I have been with A-Plan for just over 4 years now, they STILL can`t be beaten on insurance prices.


----------



## kenan (Apr 29, 2003)

Trev said:


> I have been with A-Plan for just over 4 years now, they STILL can`t be beaten on insurance prices.


Oh yes they can


----------



## Trev (Nov 1, 2003)

kenan said:


> Oh yes they can


PM me with the relevent numbers then please


----------



## kenan (Apr 29, 2003)

Greenlight mate, and they offer an agreed value and/or part for part replacement.


----------



## Trev (Nov 1, 2003)

kenan said:


> Greenlight mate, and they offer an agreed value and/or part for part replacement.

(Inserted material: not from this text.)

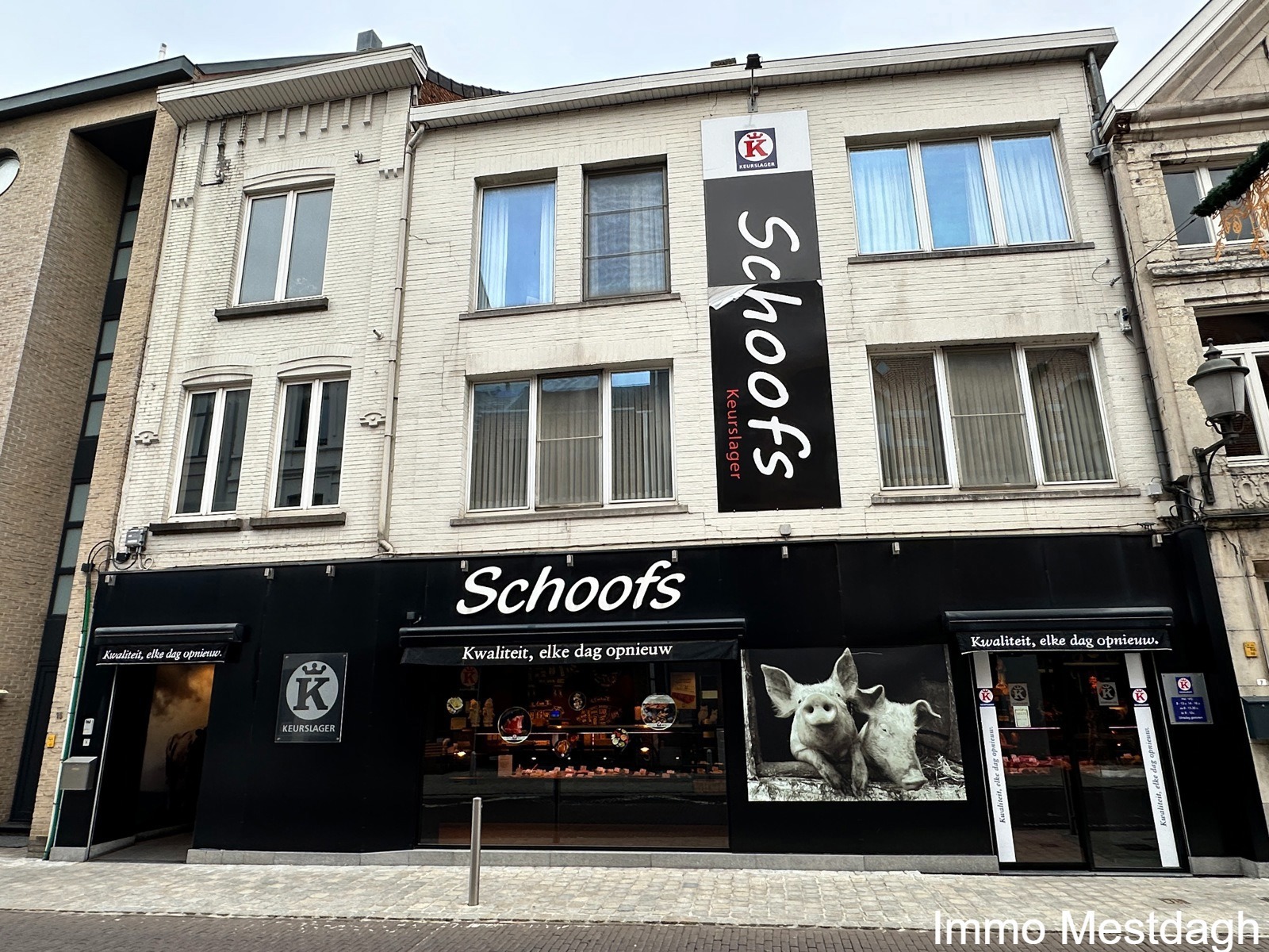 Het gelijkvloers is momenteel ingericht als gerenommeerde Keurslagerij. Dankzij de indrukwekkende oppervlakte en de kamerhoge raampartijen aan de straatkant geniet u hier van een maximale visibiliteit.

Never heard of them  but I will give them a try when it`s time to renew the insurance.

Many thanks.


----------



## kenan (Apr 29, 2003)

They mainly do hot hatches but have now started covering our cars. Heard of them though me other car which is insured with them. Some of the others used here won't offer an agreed value so you never know what you going to get when it comes the the "crunch" (sorry I think its funny  )


----------



## TREG (May 20, 2004)

kenan said:


> Greenlight mate, and they offer an agreed value and/or part for part replacement.




Do you have a telephone number please?


----------



## nismoman (Jul 13, 2004)

a plan our cheap on paper but check out there values on car prices you will not beleave how low there payout prices are.they advised me to go somewere else because there top book on a 1999 r34gtr is £24,000 and insuring my £40,000 r34gtr is to much for them to cover .but they were very helpfull in there advise,and wot he did say is most people are just wanting the cheapist qoute regardless of the cover it provides .i think insurans is getting harder to get and if you,ve got a high value r34gtr it,s nearly impossible to get,i,m 44 with a clean licence with maximum NCD and i,ve only found 3 companys that will take it on at twice the price of last year.(some of the skylines are now that cheap the chavs can affored them) NISMOMAN


----------



## topham (Apr 5, 2006)

nismoman said:


> a plan our cheap on paper but check out there values on car prices you will not beleave how low there payout prices are.they advised me to go somewere else because there top book on a 1999 r34gtr is £24,000 and insuring my £40,000 r34gtr is to much for them to cover .but they were very helpfull in there advise,and wot he did say is most people are just wanting the cheapist qoute regardless of the cover it provides .i think insurans is getting harder to get and if you,ve got a high value r34gtr it,s nearly impossible to get,i,m 44 with a clean licence with maximum NCD and i,ve only found 3 companys that will take it on at twice the price of last year.(some of the skylines are now that cheap the chavs can affored them) NISMOMAN


i never even thought about what the payout price woukd be

I will ring them again tomrorow


----------